There is compassion, though, and sensitivity in the development of complex situations. The Heart’s Wild Surf, set in Fiji in 1918, is a subtle, delicately drawn, yet passionately intense portrayal of a family under immense strain. Johnson explores the McNabs’ personal and social crises within the wider contexts of late colonialism and the beginnings of new freedoms for women.

A purposeful sense of such larger concerns balances Johnson’s precision with the small details of situation, character and voice that give veracity and colour.

ADDITIONAL INFORMATION

In 1985, Stephanie Johnson received the Bruce Mason Playwriting Award.

The Bleeding Ballerina
was published in 1987. The poems' topics range from love, to children, to politics.

Johnson was the recipient of the Meridian Energy 2000 Katherine Mansfield Menton Fellowship. One of New Zealand's most long-standing and prestigious literary awards, the fellowship is offered annually to enable a New Zealand writer to work in Menton, France.

Her science fiction / fantasy novel, The Whistler, was shortlisted for the 1999 Montana New Zealand Book Award for fiction.

Johnson's next novel was Belief, published in 2000. In 1899, William McQuiggan leaves his young Australian wife and new-born twins in New Zealand and travels to America in search of God. The story follows him to Salt Lake City and Zion City and tells of how love and patience may triumph over violence and despair. Belief was shortlisted in the 2001 Montana New Zealand Book Awards.

In 2001, Johnson was awarded the Auckland University Literary Fellowship.

The Shag Incident was published in 2002. The novel was awarded the Deutz Medal for Fiction at the 2003 Montana New Zealand Book Awards. The Shag Incident was described by the judging panel as a book 'clearly by a writer at the peak of her powers...she is fully deserving of the recognition of excellence that this award bestows'.

Moody Bitch (2003) is a selection of Stephanie Johnson's poems from the last 20 years.

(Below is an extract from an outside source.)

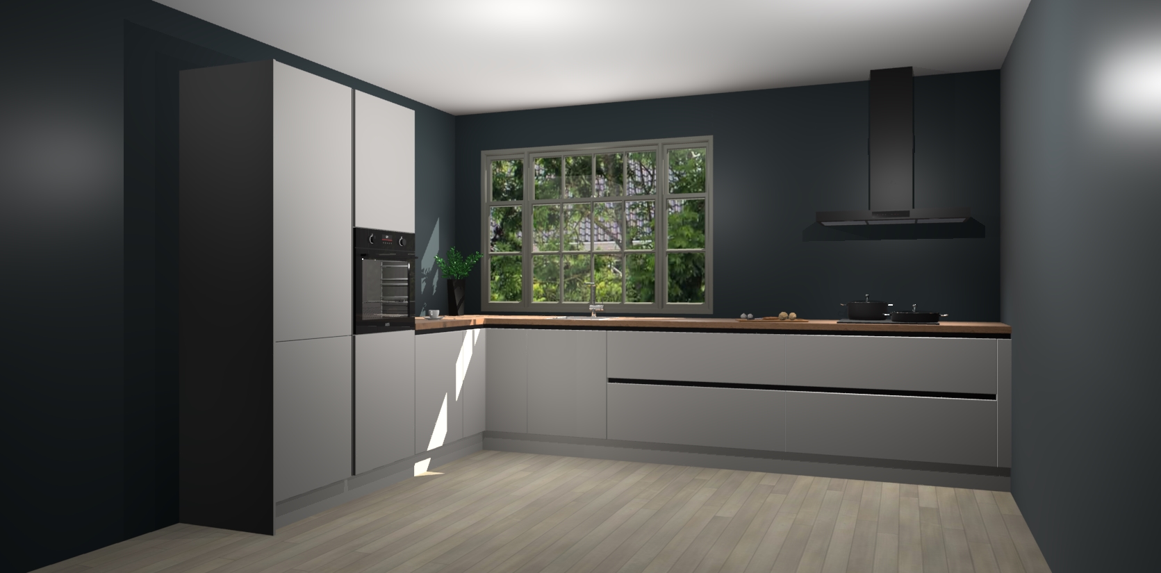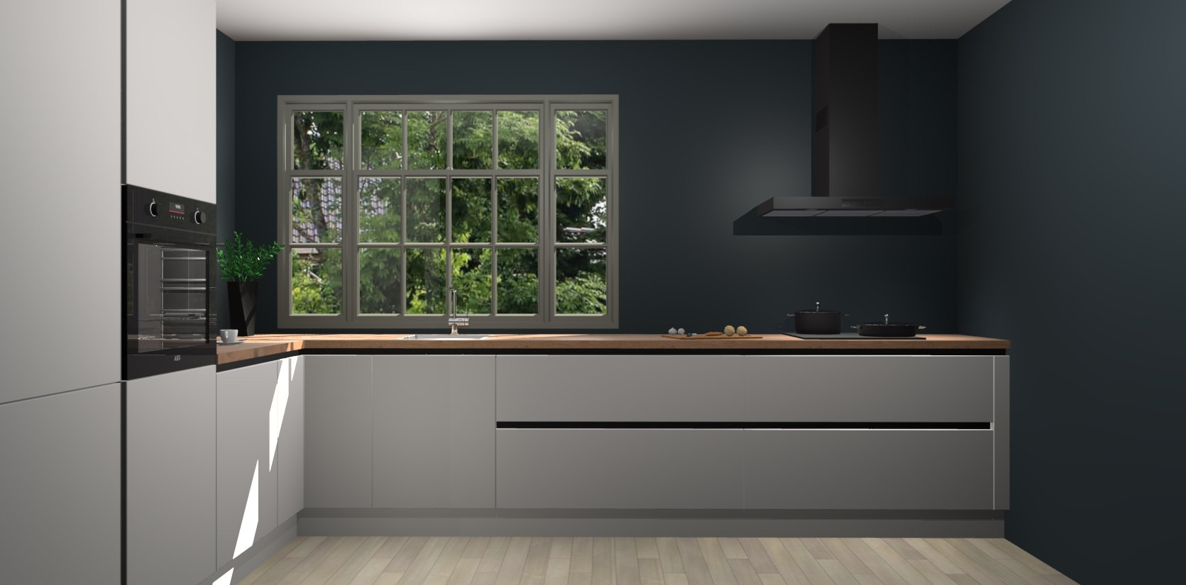 Kom dichtbij de perfecte keuken van uw dromen met de Zijdegrijze greeploze keuken Malaga. Met een prachtige houtlook en eigentijds ontwerp, straalt deze keuken warmte en sfeer uit. Of u nu liefhebber bent van traditionele of moderne stijlen, er is genoeg ruimte om aan al uw behoeften te voldoen.
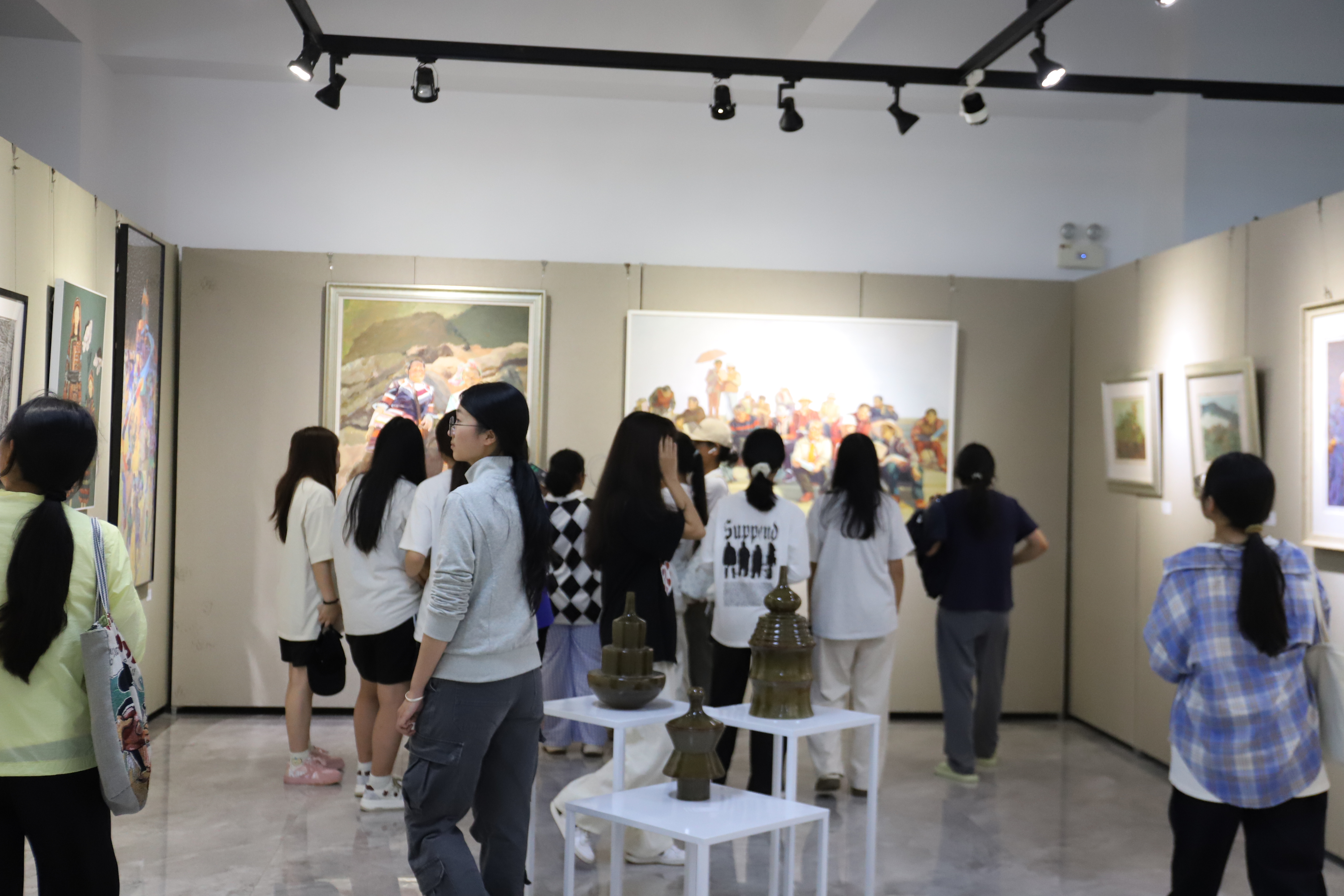 9月24日,正值习近平总书记给普洱民族团结誓词碑盟誓代表后代回信一周年之际,beat365官方网站举办以“美美与共——铸牢中华民族共同体意识”为主题的美术作品展,beat365官方网站党委副书记李险峰出席并宣布开幕,相关部门、二级学院负责人和师生代表参加活动。此次主题展共有108件作品展出,展览将持续至12月20日。

Music From a Distant Room (2004) is a book about how memory can shape our lives, about story-telling, fate, forgiveness and the search for meaning in loss.

Drowned Sprat and Other Stories (Random House, 2005) is a collection of 23 short stories, written over 16 years.

John Tomb's Head (Random House, 2006) is a return to the biting satire of contemporary New Zealand for Johnson.

Both Music From a Distant Room and John Tomb's Head, were nominated for the International IMPAC Dublin Literary Award in 2006 and 2008 respectively.

Stephanie Johnson's novel Swimmers' Rope (Vintage NZ) was published in 2008, and was followed by The Open World (Vintage NZ) in 2012.

The Writing Class was published in 2013 by Random House NZ. Christopher Moore reviewed the novel in the Dominion Post Weekend, 'Above all, this is a book fuelled and inspired by the act of writing, as lives and minds engage in a highly choreographed human tango.'

Playing for Both Sides (BWB, 2016) is a personal exploration of the Australia-New Zealand relationship. In 2016 Stephanie also edited Good Dog! New Zealand Writers on Dogs (Penguin Random House) an anthology of dog-related poetry, short fiction and creative nonfiction.

In 2019, she penned a biographical investigation entitled West Island: Five Twentieth-century New Zealanders in Australia (Otago UP) and, in 2021, Everything Changes (RHNZ Vintage) a novel about a dysfunctional family who buy a rundown motel to start a new life. Everything Changes was the winner of the 2021 NZ Society of Authors Heritage Prize for Fiction.

Stephanie Johnson is the 2023 recipient of the Prime Minister's Award for Literature.